For each target, copy and paste your query letter into an email, then customize it with details about why you’re a great match for that show in particular. Include details you know because you listened to the podcast once or twice before approaching them. 

This last information should set you up as the perfect matchmaker between the topic and the podcast you’re approaching. Get as specific as possible, so the reader cannot wait to bring you on the show. 

Step Six: Follow Up

Very few people host a podcast as their full-time job. If they don’t respond to you, it’s more likely they got swamped than they didn’t want you on the show. Keep track of when you initially made contact, and then reach out two weeks later with a quick reminder email. Do it again a month after that. And a month after that. 

Once you’ve gone three months without a response, give up for this iteration…but when you have a new idea or something exciting going on, start the process all over again. 

If they do get back with a “thanks, but no thanks,” respond with appreciation for their time and ask if they’re open to hearing from you about other topics. 

Step Seven: Track Responses

For those who do respond with an invitation to come on their show, keep close track of when you communicate, and especially when you set the date for you to record your appearance. Write it in your spreadsheet, and on your calendar. Set a reminder on your phone. Note every communication between you and the host, so you know exactly where to be, when to be there, and what you’ll do when the time comes. 

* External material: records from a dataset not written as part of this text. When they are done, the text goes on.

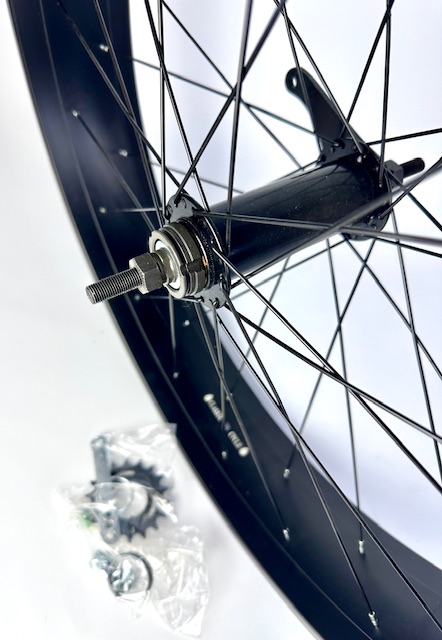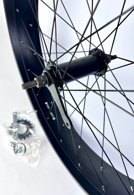 Hinterrad, 102 mm Alufelge, schwarze Speichen, extra breite Histop Nabe mit Rücktrittbremse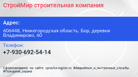 СтройМир, строительная компания по адресу 606448, Нижегородская область, Бор, деревня Владимирово, 60 в дальнейшем Организация, размещена в следующих категориях: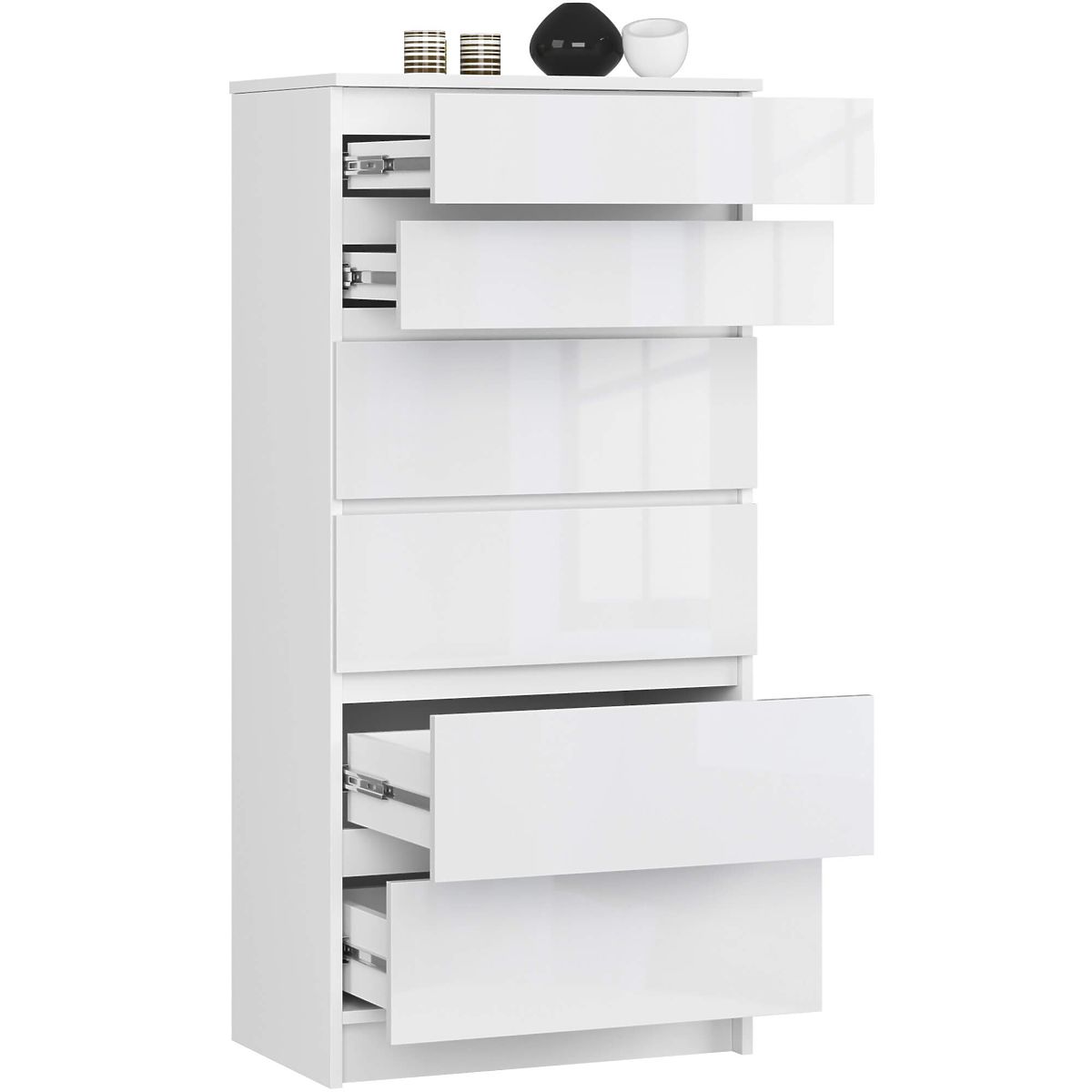 Fehér fényes komód 6 fiókkal és ABS élzárással. .. többet

Stay Organized and Stay Focused

The journey to podcast guesting is a marathon, not a sprint. Find a way to track your progress so you don’t drop threads, and so you can subdivide this long-term project into manageable daily efforts. In that way, it’s not unlike writing your book. You didn’t write the whole thing in a day. You wrote it chapter by chapter. Apply the same mindset to getting on podcasts and you’ll do just fine.